Wednesday, April 30, 2008

Sweet Justice - Five Taliban Blow Themselves Up In Kabul Stand Off


If we could only get more of the Taliban to start blowing up their own houses and killing themselves. I do wonder...do they get the 72 virgins if they blow themselves up without taking any innocent people with them? Here's the report from Yahoo News:


Five Taliban militants blew themselves up in a house in the Afghan capital Kabul after 10 hours of clashes with besieging Afghan security forces on Wednesday, an Interior Ministry official told Reuters.
Afghan security forces surrounded a house where the suspected militants were holed up during the night and clashes erupted. The crack of small arms fire could be heard through the morning as state security officers led army and police battling the gunmen.
"They were killed when they blew themselves up in the house. There were five of them," said an Interior Ministry official who declined to be named.

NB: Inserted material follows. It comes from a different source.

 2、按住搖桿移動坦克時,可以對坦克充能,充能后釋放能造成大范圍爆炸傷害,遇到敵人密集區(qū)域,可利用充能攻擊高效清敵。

At least one of the Taliban blown to bits was involved in the attack on President Karzai's assassination attempt so it really didn't take the Afghans long to track down some of the cell that pulled that off. Probably the most worrisome thing here is the fact that they had this house full of enough explosives to blow the entire home up and this home was IN KABUL. The Taliban have vowed this year to make Kabul a target and it is thought that there are very few Taliban actually in the city. But the fact of the matter is...when the assassination attempt was made on Karzai, the belief was that these were Taliban that came into the city and infiltrated security operations. The fact that this group was holed up inside of a house inside the city is troubling.

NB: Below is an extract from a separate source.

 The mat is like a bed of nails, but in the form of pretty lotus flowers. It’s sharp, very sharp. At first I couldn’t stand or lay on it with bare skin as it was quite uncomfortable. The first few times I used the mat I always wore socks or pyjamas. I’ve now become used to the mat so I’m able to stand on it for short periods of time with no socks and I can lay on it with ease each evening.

This might not be the Spring of the huge taunted Taliban spring offensive but it's almost guaranteed that this will a time of unprecedented attacks and off the wall violence. The Taliban know some NATO members are tiring of the fight and they figure with more and more attacks, the more futile the effort against them will seem.


Taliban militants kill themselves in Afghan siege

While the Taliban have launched sporadic suicide attacks in Kabul, the militants have not before been detected in any numbers inside the city which they have vowed to target this year in their fight to overthrow the pro-Western Afghan government.
The clash comes just days after Taliban gunmen fired at a state parade sending President Hamid Karzai, his cabinet and the military top brass diving for cover. Three people were killed in Sunday's attack before troops killed three Taliban attackers.
One of the men who died in Wednesday's siege had taken part in the parade attack, a Taliban spokesman said. One other militant, a woman and her daughter were also killed in a raid on the house, the Pakistan-based Afghan Islamic Press quoted the spokesman as saying.
Afghan security forces surrounded a house where the suspected militants were holed up during the night and clashes erupted. The crack of small arms fire could be heard through the morning as state security officers led army and police battling the gunmen.
"They were killed when they blew themselves up in the house. There were five of them," said an Interior Ministry official who declined to be named.
Police were looking into whether there were casualties caused by the explosion among civilians in neighboring houses, he said.
Two officers of the National Directorate of Security (NDS), the state security and intelligence service, were also killed in the fighting, a police official said.
Taliban fighters fled Kabul in late 2001 to escape a U.S.-led aerial onslaught and a ground assault by Afghan militia.
In the years immediately after 2001, the Taliban regrouped and two years ago relaunched their insurgency with guerrilla attacks on Afghan and international troops mainly in the south and east, backed by suicide bombs across the country.
The NATO-led International Security Assistance Force (ISAF) is due to hand security of the capital over to Afghan forces in the second half of this year. This week's attacks have led many in parliament and among the public at large to question whether Afghanistan's security apparatus is up to the task.

1 comment:

Anonymous said...

Readers know that this GWOT will last for a long, long time. It will be expensive in both treasure and lives. Just imagine what it will be like in 2 years (in the most optimistic guess) when Iran has enriched enough for a bomb or twelve.